A story in four parts
In first grade my favorite color was blue, but blue was a boy color, so I changed it to pink.
Pink is safe.
In second grade, I made up worksheets because I liked to learn, but that was nerdy, so I watched TV instead.
TV is for safe.
In third grade, I wrote my first story, but it was sad, so I threw it away.
Silence is safe.
In fourth grade, I didn’t like boys, but that was weird, so I dated my best friend.
Boys are safe.
In fifth grade, I wanted to be pretty, but I was told that I wasn’t, so I stopped telling myself I was.
Acceptance is safe.
As a child, this was the first phase of my conscious effort to form my identity as an acceptable member for society.
That summer, I wrote a book.
That year, in sixth grade, I started to read by myself.
The next year, in seventh grade, I stopped liking pink.
The year after that, in eighth grade, I tried to feel pretty again.
As a person, this was the second phase of my conscious effort to form my identity as a woman.
In ninth grade, I wanted to be pretty, so I made myself small.
In tenth grade, I wanted to be pretty, so I made myself malleable.
In eleventh grade, I wanted to be pretty, so I made myself quiet.
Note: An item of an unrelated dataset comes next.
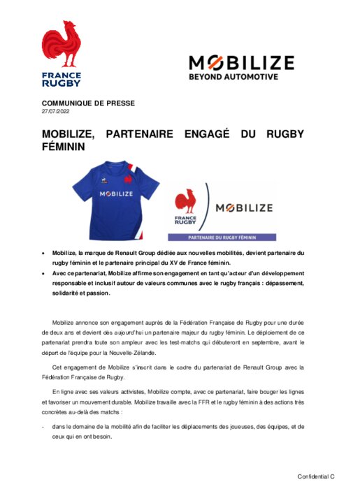 Mobilize, la marque de Renault Group dédiée aux nouvelles mobilités, devient partenaire du rugby féminin et le partenaire principal du XV de France féminin. Avec ce partenariat, Mobilize affirme son engagement en tant qu’acteur d’un développement responsable et inclusif autour de valeurs communes avec le rugby français : dépassement, solidarité et passion.

As a woman, this was the third phase of my conscious effort to form my identity as feminine.
Now, in this year, I want to be pretty, so I tell myself I am atypical.
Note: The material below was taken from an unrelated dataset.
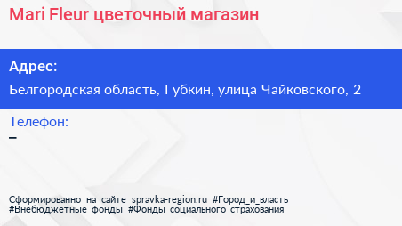 Mari Fleur, цветочный магазин по адресу Белгородская область, Губкин, улица Чайковского, 2 в дальнейшем Организация, размещена в следующих категориях: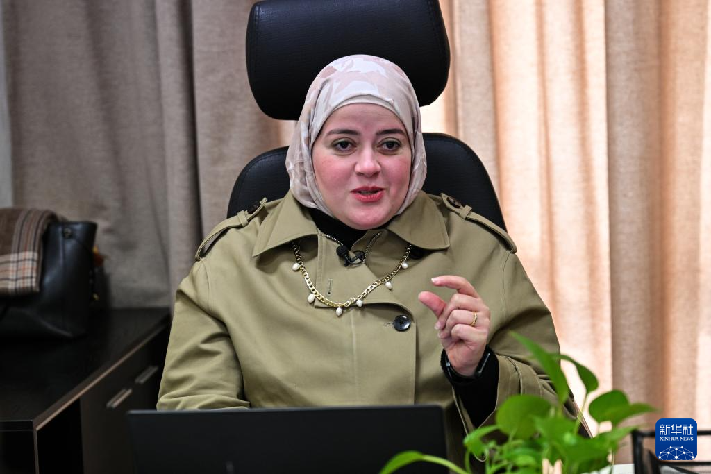 1月19日,在埃及蘇赫奈泉,埃及泰達(dá)特區(qū)開(kāi)發(fā)公司首席執(zhí)行官娜赫拉·伊馬德接受采訪。新華社記者 辛夢(mèng)晨 攝

Now, in this year, I want to be smart, so I learn about others.
Now, in this year, I want to be kind, so I am active in it.
As a feminine woman, this is my fourth phase of my conscious effort to form my identity as an individual.
Individuality is not the act of becoming your own version of what you’ve been told to be, but rather the act of becoming yourself, despite what you’ve been told to be.